Should you build tools that force behavior, or hire developers who care and give them tools that help? The debate about pre-commit versus pre-push versus CI misses the point. If you need to force developers to check code quality, you have a people problem or a culture problem, not a tooling problem. Better architecture won’t fix a trust deficit.
The Real Question Nobody Asks
Pre-commit hooks aren’t broken technically. They’re broken philosophically.
When developers systematically bypass your quality tool, you haven’t built the wrong tool. You’ve failed to answer “Why should they care?” Some teams need enforcement because they don’t have alignment on quality standards. Some teams use hooks as training wheels for junior developers. Some teams inherited hooks from past regimes and never questioned whether they’re still needed.
But if your experienced engineers are typing --no-verify by reflex, the problem isn’t hook architecture.
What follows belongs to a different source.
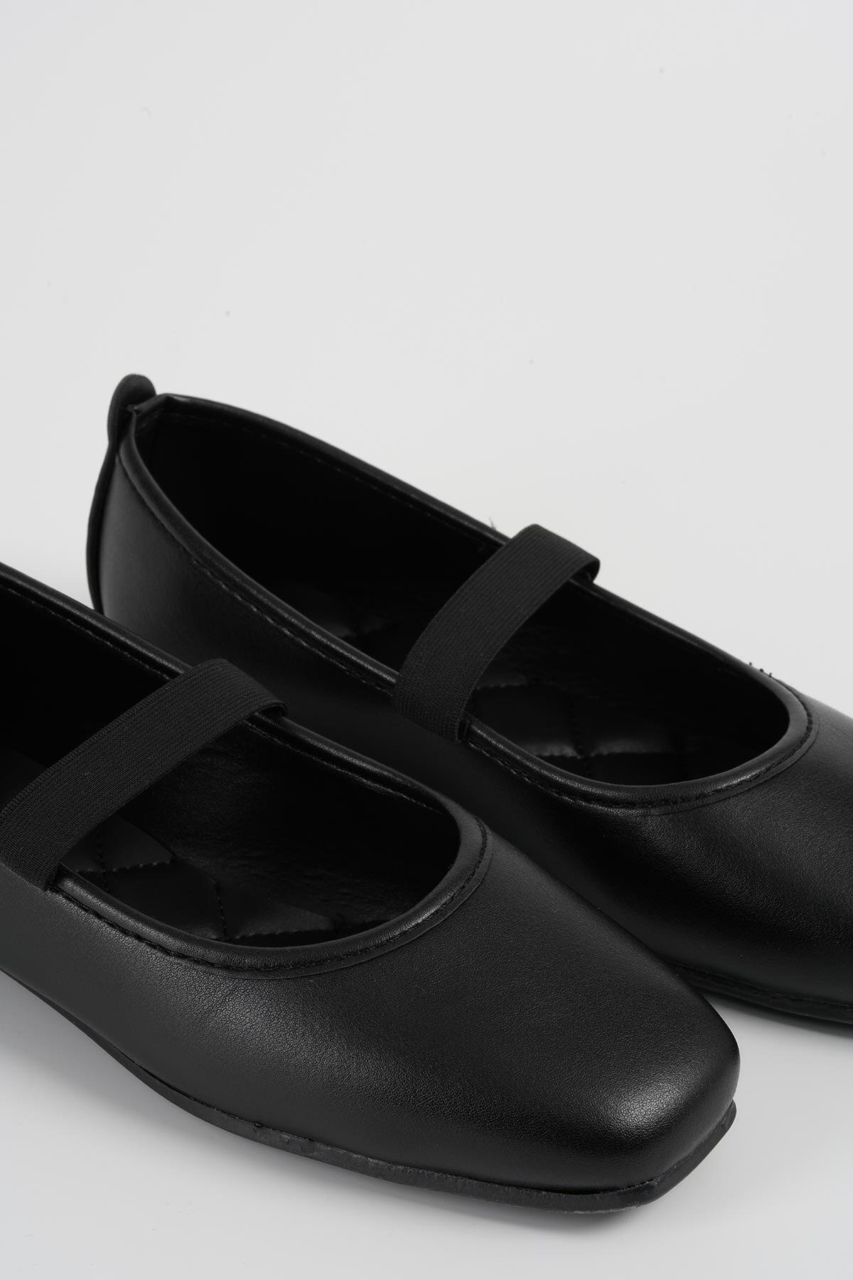 Kadın Siyah Lastikli Deri Günlük Balerin Babet Byndkgz02

The problem is you’ve built a system that treats symptoms instead of causes. Code quality matters when engineers care about their craft, their teammates, and their users. You can’t automate caring.
The hooks will keep growing. Tools like Ruff will integrate deeper. Audit logs will track bypasses. And developers will keep typing --no-verify when hooks get in the way, because enforcement without buy-in is just theater.
Maybe the solution isn’t better hooks. Maybe it’s better hiring, better culture, and better trust.